PROBLEM TO SOLVE: From the very first line of the records through the line that contains "按照《学工部:关于评选201", repeat everything exactly except the pictures, and add nothing.

# # #

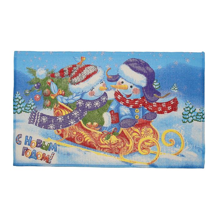 Полотенце вафельное Снеговики 35х60 см,100% хлопок 160 г/м2
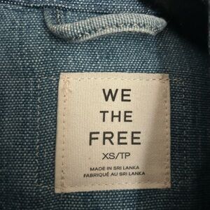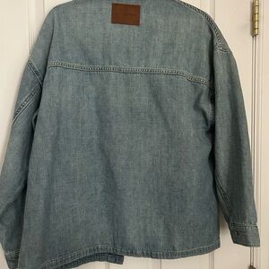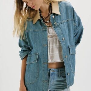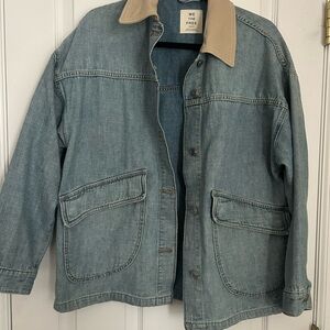 Relaxed light blue denim jacket with a contrasting tan collar. New without tags, size XS, color berry blue.
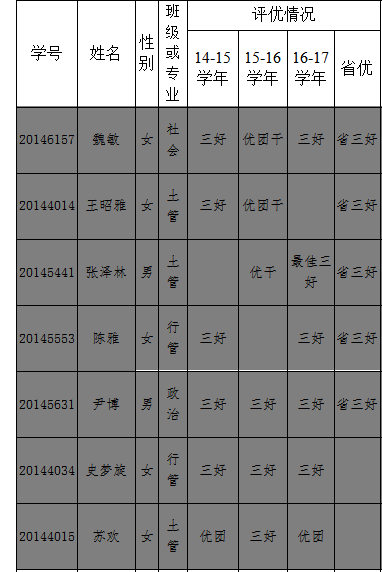 按照《学工部:关于评选2018届xcsports优秀毕业生的通知》的相关要求,根据《xcsports员工管理规定》评选比例、评选标准的要求,经员工申请、公司评审领导小组评选,拟推荐魏敏等7名同学为2018届xcsports优秀毕业生,公示期为2018年5月4日至5月10日,如有异议请与xcsports团委联系,联系电话:0451-86609438。现将评定结果公示如下:
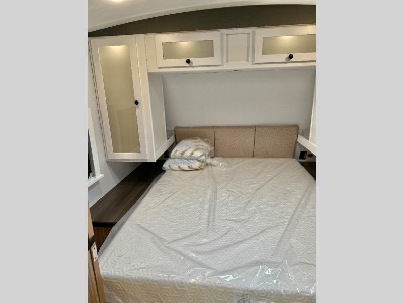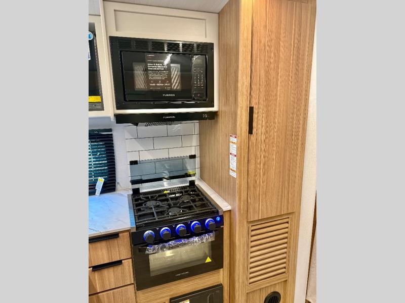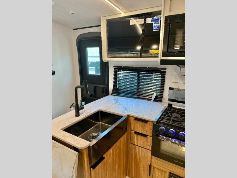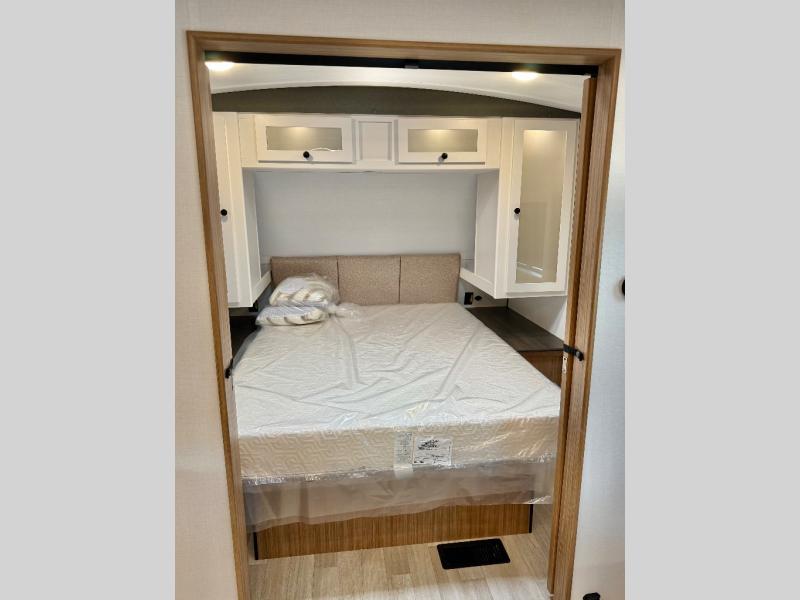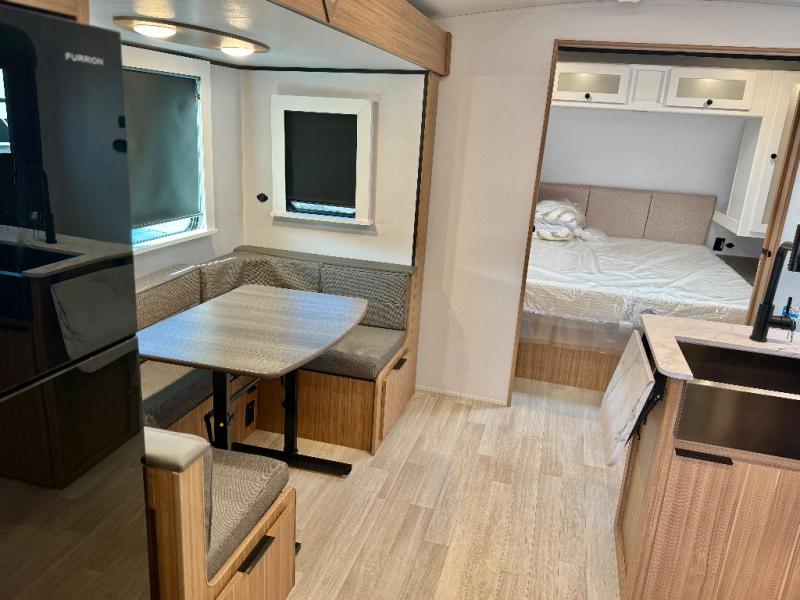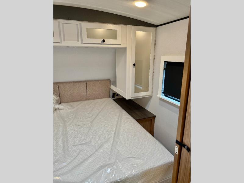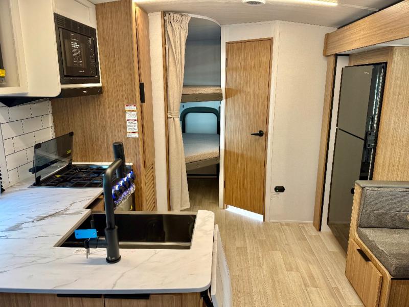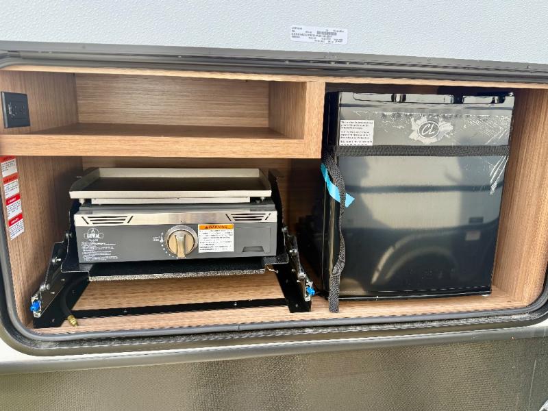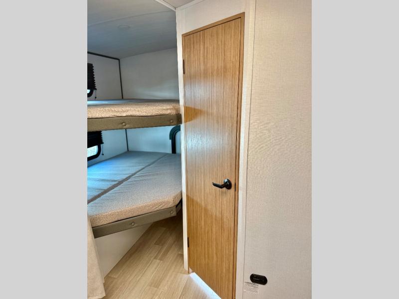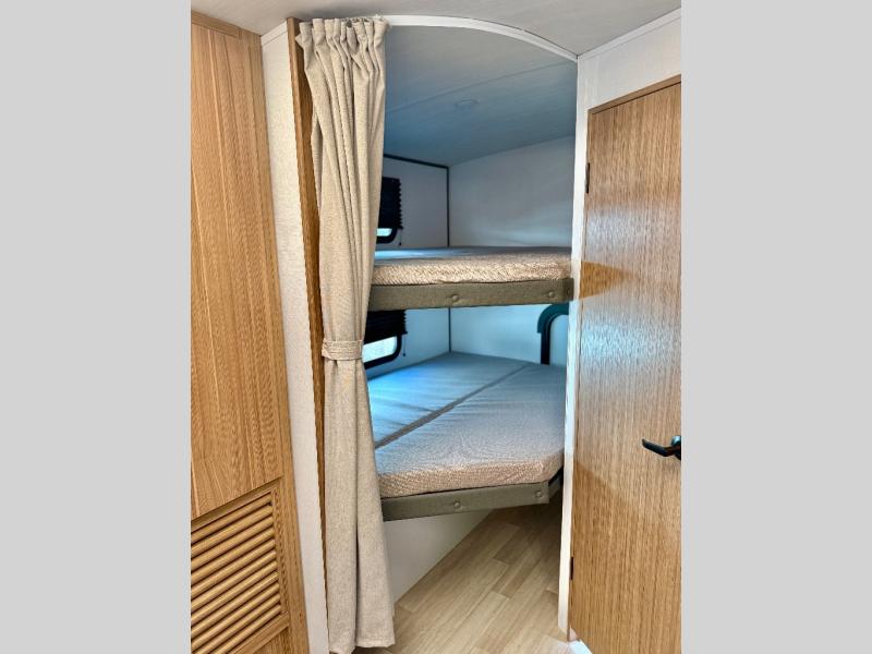 Trips to the lake with a larger group are made easy in this spacious travel trailer! The double-size bunks include a flip-up bunk for added storage, and there is a rear cargo door here so you can easily load gear from outside. The full bath is conveniently located right by the bunks for easy nighttime use, and the pantry is also close by if anyone needs a midnight snack! You will sleep like a baby in the front bedroom that includes a queen bed and dual wardrobes to keep your clothes tidy. In the morning, everyone can meet in the combined living area and kitchen while the chef makes breakfast on the three burner cooktop, and there is a U-shaped do-more dinette table to dine at. If the weather is nice, the chef just may want to cook on the outside kitchen with a griddle, and everyone can sit at the picnic table under the 15' awning!
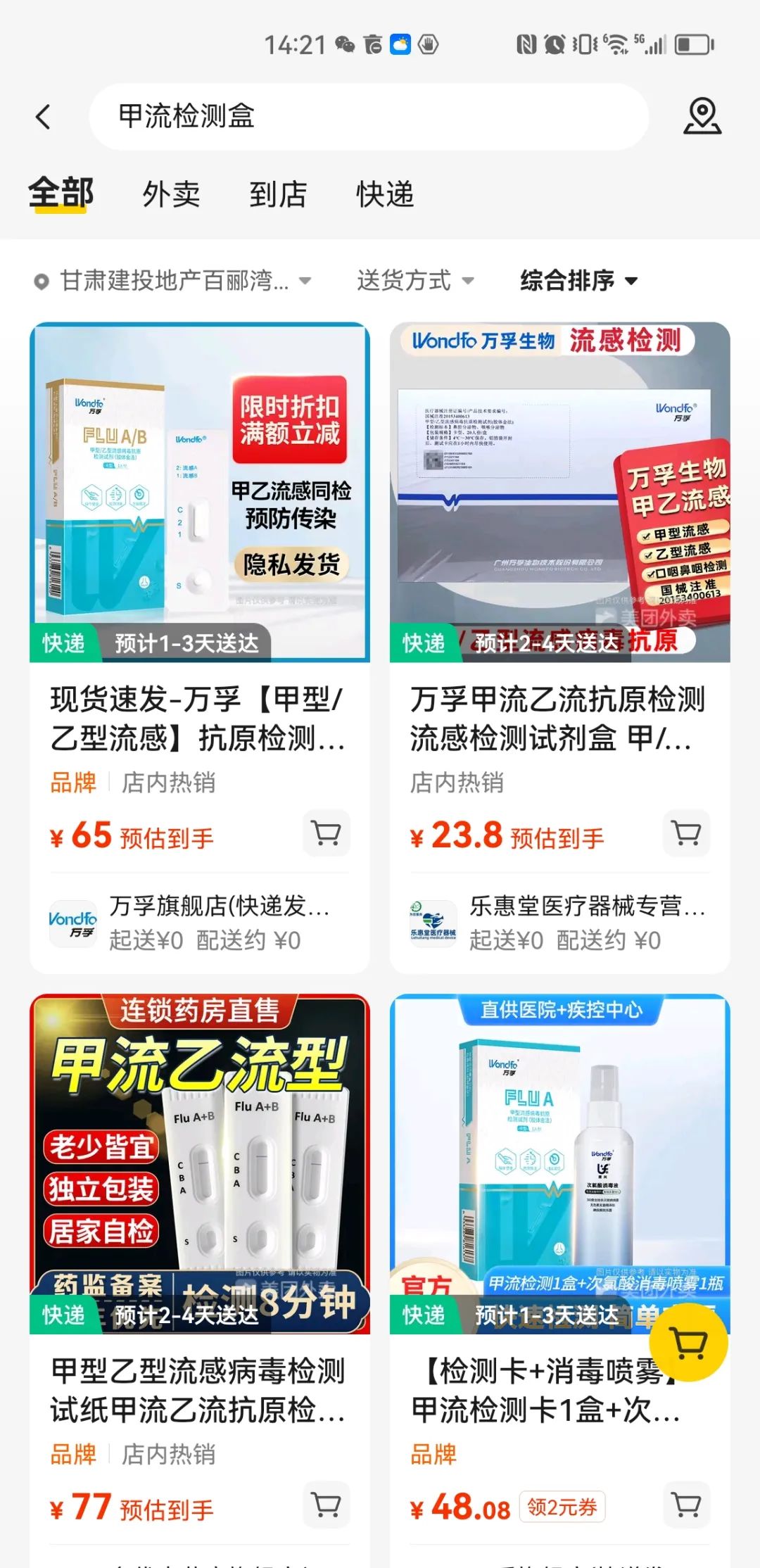 ”有业内人士表示我市连锁药店销售热情不高在美团App上,搜索“甲流检测”,几乎所有相关商品都无法当天送达,商品页面只能承诺“24小时内发货”或“预计1—3天送达”搜索“外卖”和“到店自取”显示结果为“暂无”。
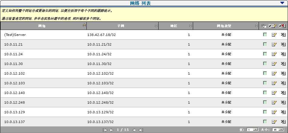 使用“网络列表”可以管理管理控制台监视的客户端网络的列表。 每个监视设备会计算应用程序服务器与“网络列表”中指定的客户端网络之间的响应时间度量标准。
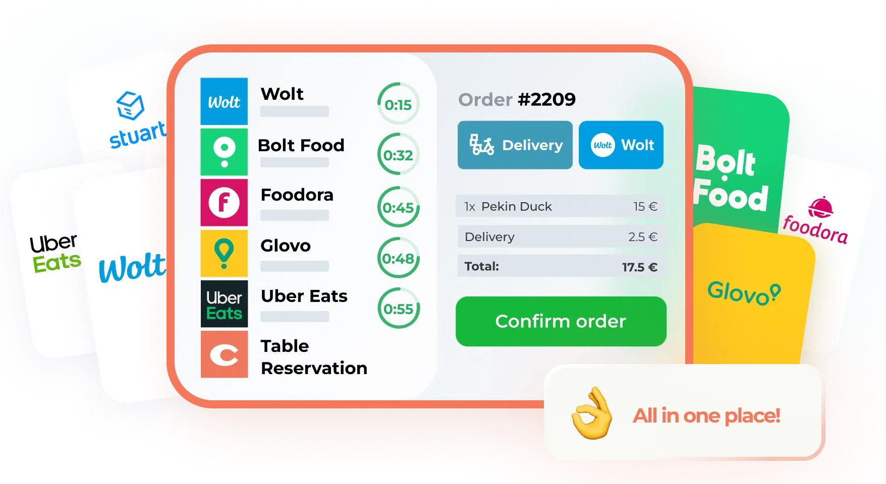 Manage all orders from Wolt, Bolt, Glovo, Stuart, UberEats and Foodora marketplaces from one device.
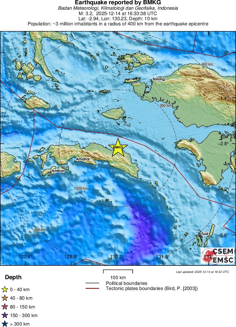 | 2.8 | 195 | 7648 | 21:00:35 | Link | Minor earthquake - MOLUCCA SEA - December 14, 2025 |
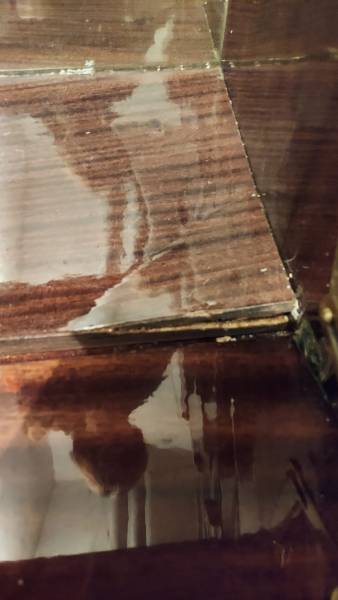 Wymagają renowacji tj. lakierowania, naprawienia zawiasów. Szuflady w jednej części nie wysuwają się do końca - znam przyczyny (nie są zniszczone). Widoczne uszkodzenia mam na zdjęciach. Niestety tutaj limitowana ilość zdjęć nie pozwala na załączenie.
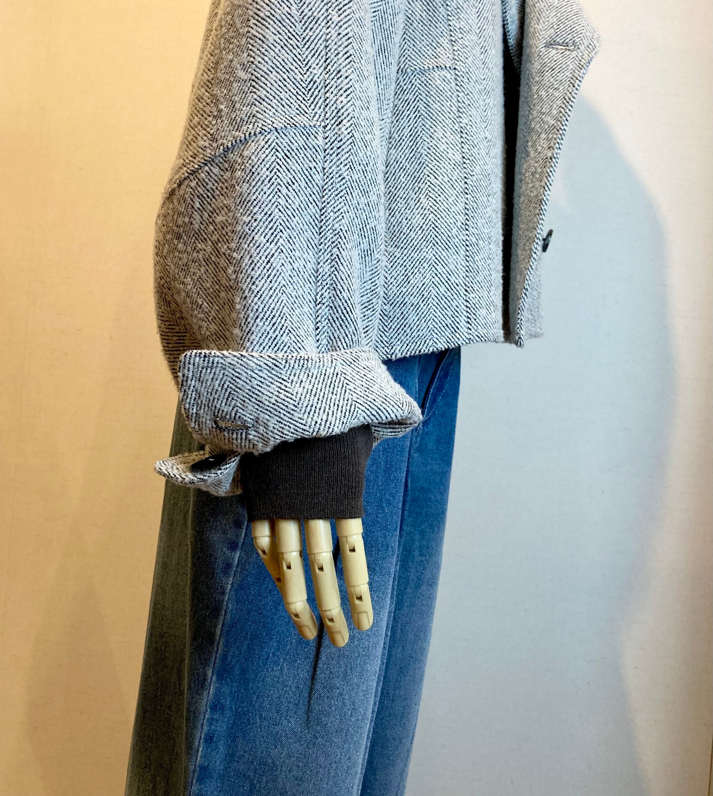 袖先は1つボタン付きカフス仕様で折り返しても着て頂けます
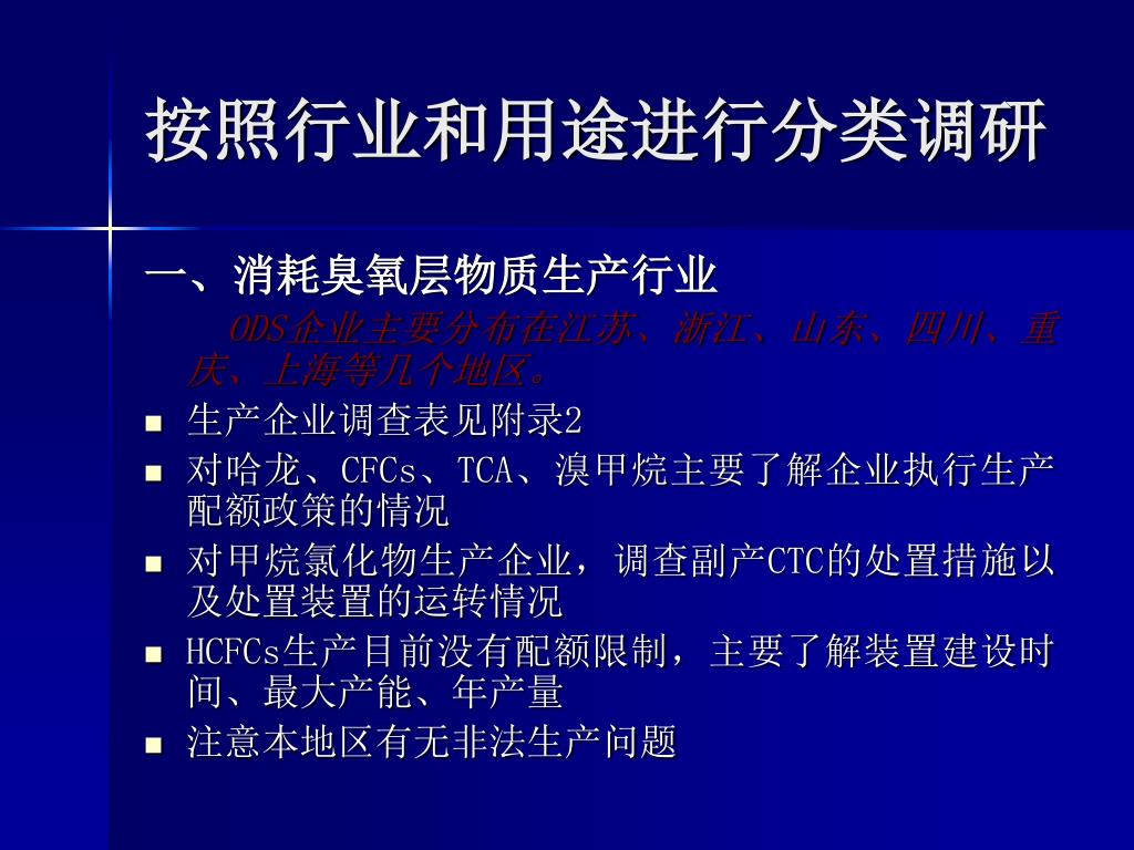 按照行业和用途进行分类调研 一、消耗臭氧层物质生产行业 ODS企业主要分布在江苏、浙江、山东、四川、重庆、上海等几个地区。 • 生产企业调查表见附录2 • 对哈龙、CFCs、TCA、溴甲烷主要了解企业执行生产配额政策的情况 • 对甲烷氯化物生产企业,调查副产CTC的处置措施以及处置装置的运转情况 • HCFCs生产目前没有配额限制,主要了解装置建设时间、最大产能、年产量 • 注意本地区有无非法生产问题
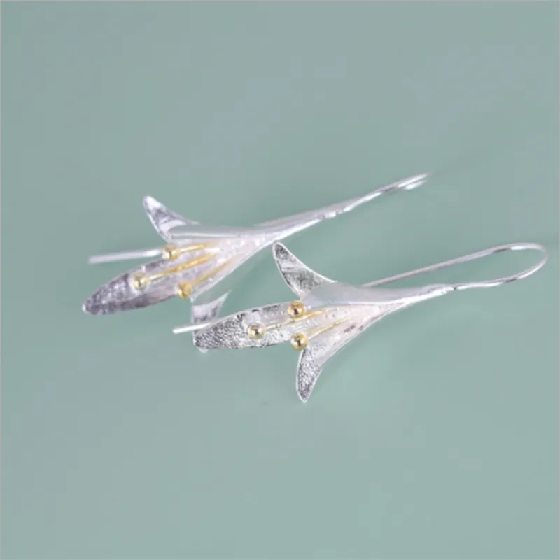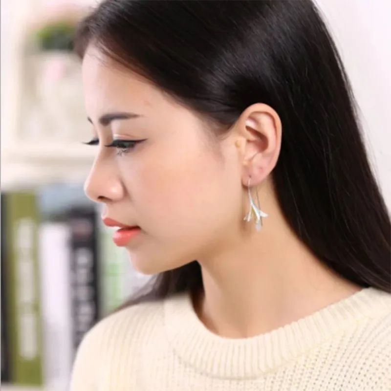 Flower Long Earrings Elegant Lady Anti Allergy Silver 925 Fashion Jewelry
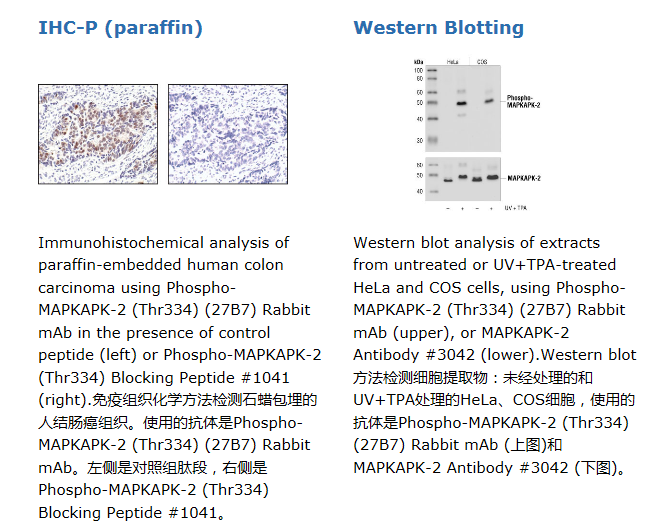 Phospho-MAPKAPK-2 (Thr334) (27B7) Rabbit mAb detects endogenous levels of MAPKAPK-2 protein only when phosphorylated at threonine 334.

# # #

ANSWER TO THIS PROBLEM:
 Полотенце вафельное Снеговики 35х60 см,100% хлопок 160 г/м2
 Relaxed light blue denim jacket with a contrasting tan collar. New without tags, size XS, color berry blue.
 按照《学工部:关于评选2018届xcsports优秀毕业生的通知》的相关要求,根据《xcsports员工管理规定》评选比例、评选标准的要求,经员工申请、公司评审领导小组评选,拟推荐魏敏等7名同学为2018届xcsports优秀毕业生,公示期为2018年5月4日至5月10日,如有异议请与xcsports团委联系,联系电话:0451-86609438。现将评定结果公示如下:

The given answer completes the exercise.